Similar to feeling peer pressure to J-walk across the sidewalk, everyone is determined to get somewhere. No matter where it is, people love acting like time is the most precious thing on this earth.
The tortoise wins against the hare in the end after all right?!
Life isn’t about winning though. Sure, urgency can lead to action, but that is a short-term game I am playing. If I zoom out on the time I have realistically, I can be more intentional with the choices I am making. Direction is more important than speed.
So what is all this rushing actually about?!
Time is *the ultimate commodity*.
We only have 24 hours of it today, tomorrow, and until our deathbeds. It’s easy to look at this constraint with scarcity and create a sense of urgency that drives motivation. (aka to get sh*t done.)
BUT this also makes us look at life in fear of death. Or as my brother sarcastically and philosophically stated during aprés ski last week, “Life is just delaying death.” Talk about morbid, I know.
Having a polar opposite mindset of abundance feels reckless and I don’t know if I would ever *not* procrastinate with that mindset. Exhibit A: Twilight saga’s immortal vampire Edward Cullen’s bookcase and music collection. Exhibit B: If I had forever to become a writer, then when would I actually send out these newsletters? In a backward way, death is what forces me to push publish each week to prove my identity as a writer.
SO instead of living in fear, what’s the second-best option? It is to view time more mindfully and live in the present moment. For an overthinker like myself, this is much easier to type out and tell you to do than for me to actually practice.

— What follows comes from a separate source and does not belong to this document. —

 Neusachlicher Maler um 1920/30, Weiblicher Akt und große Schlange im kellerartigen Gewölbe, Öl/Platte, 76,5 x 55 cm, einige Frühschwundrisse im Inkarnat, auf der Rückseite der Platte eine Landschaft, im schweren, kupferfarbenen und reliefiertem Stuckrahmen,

Think about this hypothetical situation: if I rush the day-to-day of the week to get to my exciting plans on the weekend, then that means that five sevenths (five out of the seven days) of my working life is focused on the future rather than embracing this moment. The time where my feet are right now is the most important.
I’ve been seeing the saying "slow is smooth. smooth is fast." pop up again and again in the productivity bubbles that I find myself swimming in. This is a manipulation of choosing to be slow not to be kinder to myself, but to reverse engineer the process to create results that soar. Example: I type with higher fluency when I slow down to type accurately rather than rushing through.
I typically tend to regret any decision when I make it rushed. With this kernel of insight, I dedicated this past year to patience.
Patience took shape in my life in 2022 in many unique and unplanned ways. None of them had immediate gratification. A handful of them:
- Sending notes by post mail and waiting for them to be received by the recipient
- Quitting caffeine and waiting for my body to wake up before my brain did
- Becoming sober and needing to be in the mood to have fun rather than having an inebriant to prompt it
- Waiting to wax body hair instead of shaving
- Using the sun to wake up instead of an alarm clock
- Spending Wednesday nights meditating for two hours
Patience is what keeps me calm and steadily listening more to my body. With patience, my metaphoric sailboat is at an even keel.
Sure, this makes me more like a grandma to embrace slowness, but I’m a groovy hip grandma. I’m ‘cheersing’ to the others out there with my sparkling cider at sunset so I still have time for my evening routine!